Ambitions for the final product are candidly spelled out in an agency report: "The FBI recognizes a need to collect as much biometric data as possible within information technology systems, and to make this information accessible to all levels of law enforcement, including International agencies." (A stack of documents related to NGI was obtained by the Center for Constitutional Rights and others after a FOIA lawsuit.) 

It'll be "Bigger -- Better -- Faster," the FBI brags on their Web site. Unsurprisingly, civil libertarians have concerns about the privacy ramifications of a bigger, better, faster way to track Americans using their body parts.

"NGI will expand the type and breadth of information FBI keeps on all of us," says Sunita Patel of the Center for Constitutional Rights. "There should be a balance between gathering information for law enforcement, and gathering information for its own sake."

Here are 5 things you should probably know about NGI:

1. Face Recognition

This month, the FBI is giving police departments in 4 states access to face recognition technology that lets them search the agency's mugshot database with only an image of a face. Police can repay the favor by feeding the FBI mugshots they collect from local arrests, bulking up the agency's database with images of more and more people.

The face recognition pilot program is supposed to expand to police departments across the country by 2014. When it's fully operational, the FBI expects its database to contain as many records of faces as there are fingerprints in the current database -- about 70 million, reports Nextgov.com. The agency's optimism seems warranted. If most local police departments are agreeable about information-sharing NGI can vacuum up images from all over the country. 

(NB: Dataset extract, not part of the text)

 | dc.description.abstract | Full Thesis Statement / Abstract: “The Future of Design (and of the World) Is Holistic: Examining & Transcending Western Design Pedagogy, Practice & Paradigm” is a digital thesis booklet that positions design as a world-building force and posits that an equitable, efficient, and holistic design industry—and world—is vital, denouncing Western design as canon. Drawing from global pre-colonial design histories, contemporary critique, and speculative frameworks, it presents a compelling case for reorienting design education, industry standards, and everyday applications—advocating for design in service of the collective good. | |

The problem with that, civil libertarians point out, is that anyone's picture can end up in the database, regardless of whether or not they've committed a crime. Mug shots get snapped when people are arrested, and unlike a fingerprint -- which requires either arrest or consent to a background check -- a face could potentially be captured and fed into a database from anywhere. 

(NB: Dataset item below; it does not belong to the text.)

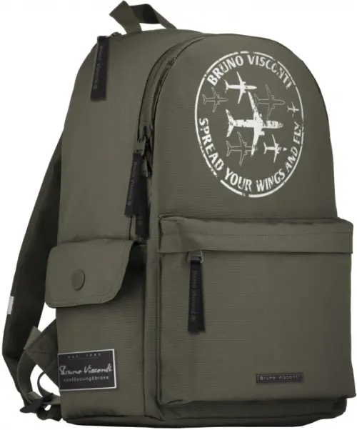 Рюкзак с авторским дизайном, с использованием сложнейших современных технологий нанесения на ткань. Ткань водонепроницаемая, морозостойкая, с повышенной износостойкостью, грязеотталкивающая. Водонепроницаемые двунаправленные-реверсивные надежные 10-мм молнии с 5-см пуллером на замках, что позволяет легко открывать и закрывать рюкзак. Мягкая, комфортная спинка выполнена также из водонепроницаемой ткани. Рюкзак снабжен ручкой-петлей. Регулируемые лямки прямые с усиленным креплением. Износостойкая фирменная подкладка Bruno Visconti, тщательно подобранная и сочетающаяся с дизайном и цветом рюкзака. Рюкзак имеет основное отделение, один фронтальный карман на молнии, два боковых с клапаном на кнопке, верхний карман на молнии для мелочей. Основное отделение снабжено карманом на молнии и двумя открытыми карманами, также отделение дополнено карманом на молнии для карточки.

"Anybody walking around could potentially be entered," Jennifer Lynch, a staff attorney at the Electronic Frontier Foundation, tells AlterNet. "Just the fact that those images can be taken surreptitiously raises concerns. If someone takes your fingerprints, you know. But in the face recognition context, it's possible for law enforcement to collect that data without knowledge." The millions of private and public security cameras all over the country would certainly provide a fruitful source for images, Lynch points out. 

Going out in public naturally entails the risk that someone will see what you're doing or take your picture. Law enforcement officials angling for looser surveillance rules often deploy the argument that what people do in public is inherently not private. (It's also been used in recent debates over whether it's legal for police to put a GPS tracking device on someone's car without a warrant.) But privacy advocates counter that modern surveillance technology goes so far beyond the human eye, which obviously has neither the capacity to track someone's location for days (GPS) or store their image in a database (video surveillance, face recognition) that traditional distinctions between public and private don't really apply.